Dataset extract ::
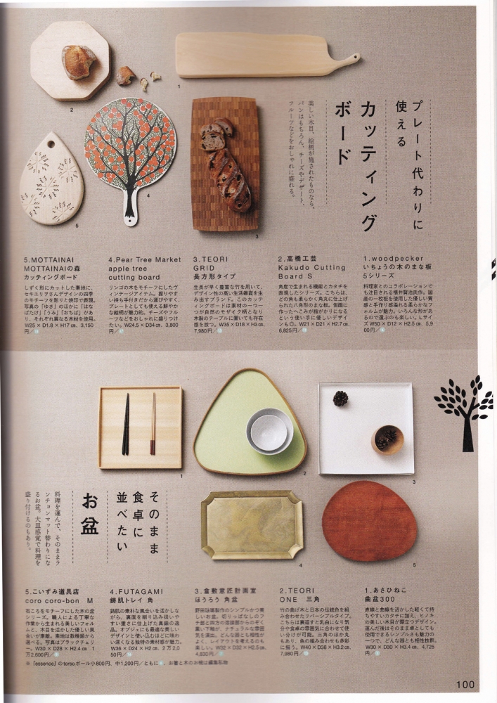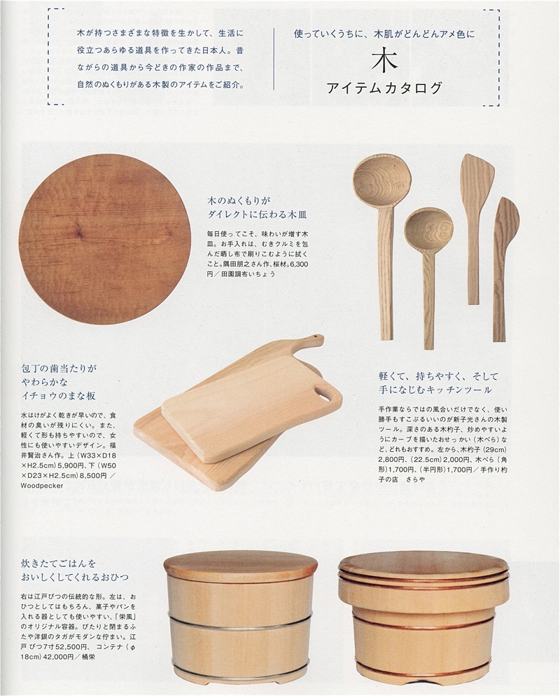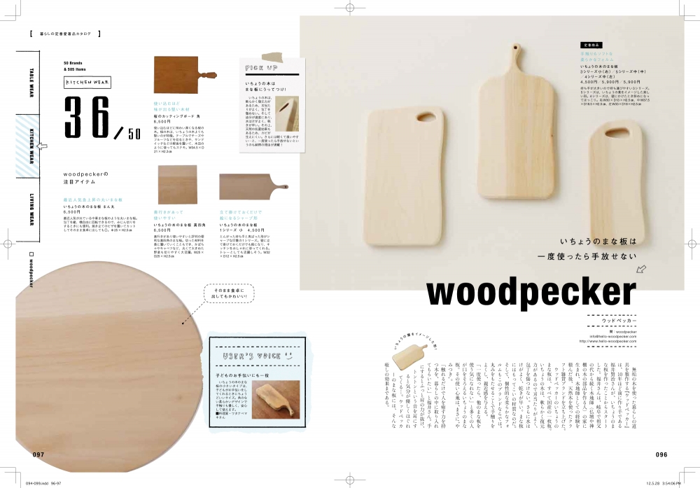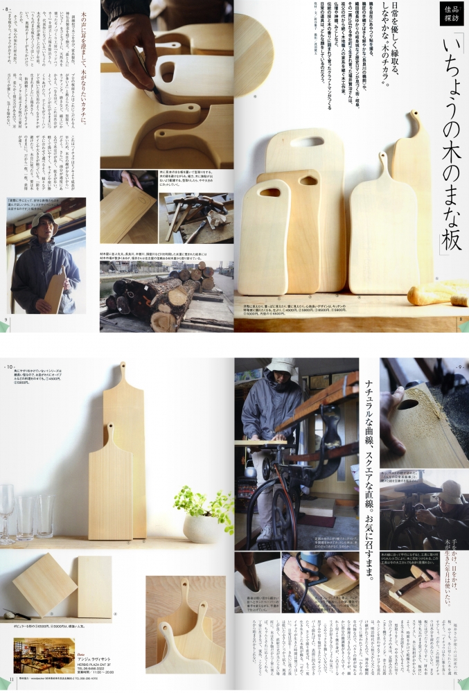 “暮らしの定番愛着品カタログ” (P96~P97)にて“いちょうの木のまな板””桜のカッティングボード”を
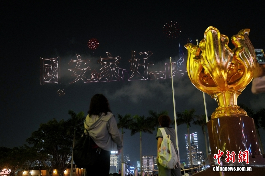 4月15日是第十一个全民国家安全教育日,2026架无人机点亮香港维多利亚港上空,以十幕融合立体技术与动态灯光效果的光影篇章,演绎国家安全的丰富内涵,吸引市民游客观看。图为无人机展示“国安家好”字样。
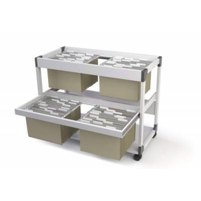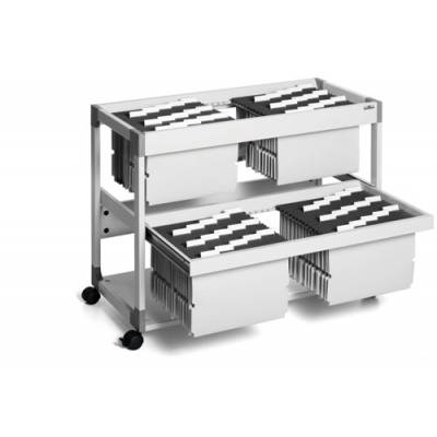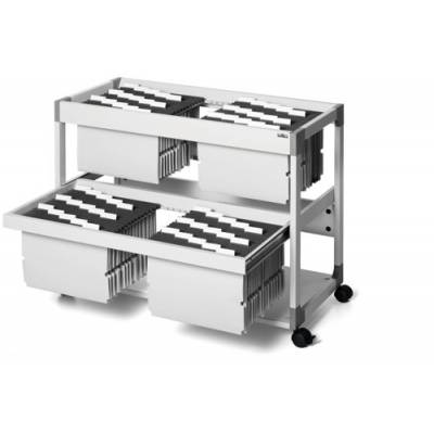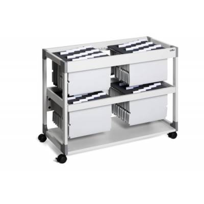 Introducing Durable’s suspension file trolley DUO designed for efficiency and mobility. With capacity for 200 A4 suspension files, it's made of durable, scratch-resistant coated steel with fibreglass-reinforced corners. Equipped with four castors, including two with brakes, it offers smooth and stable manoeuvrability for effortless file transportation in any workspace.
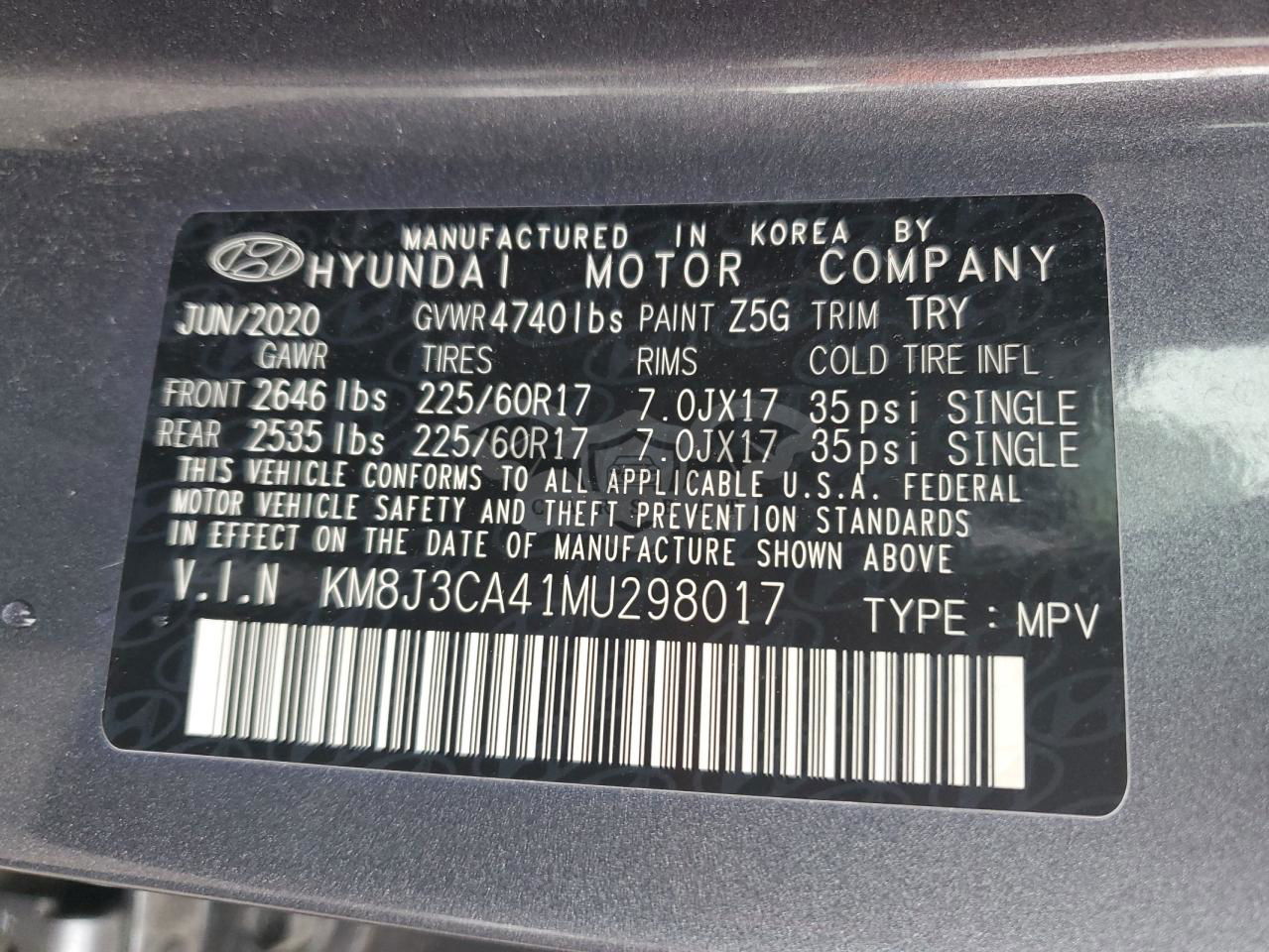 • VIN: KM8J3CA41MU298017

Task item :: Every line of the data is to be transcribed exactly, and no picture is to be included.

Exercise answer ::
 “暮らしの定番愛着品カタログ” (P96~P97)にて“いちょうの木のまな板””桜のカッティングボード”を
 4月15日是第十一个全民国家安全教育日,2026架无人机点亮香港维多利亚港上空,以十幕融合立体技术与动态灯光效果的光影篇章,演绎国家安全的丰富内涵,吸引市民游客观看。图为无人机展示“国安家好”字样。
 Introducing Durable’s suspension file trolley DUO designed for efficiency and mobility. With capacity for 200 A4 suspension files, it's made of durable, scratch-resistant coated steel with fibreglass-reinforced corners. Equipped with four castors, including two with brakes, it offers smooth and stable manoeuvrability for effortless file transportation in any workspace.
 • VIN: KM8J3CA41MU298017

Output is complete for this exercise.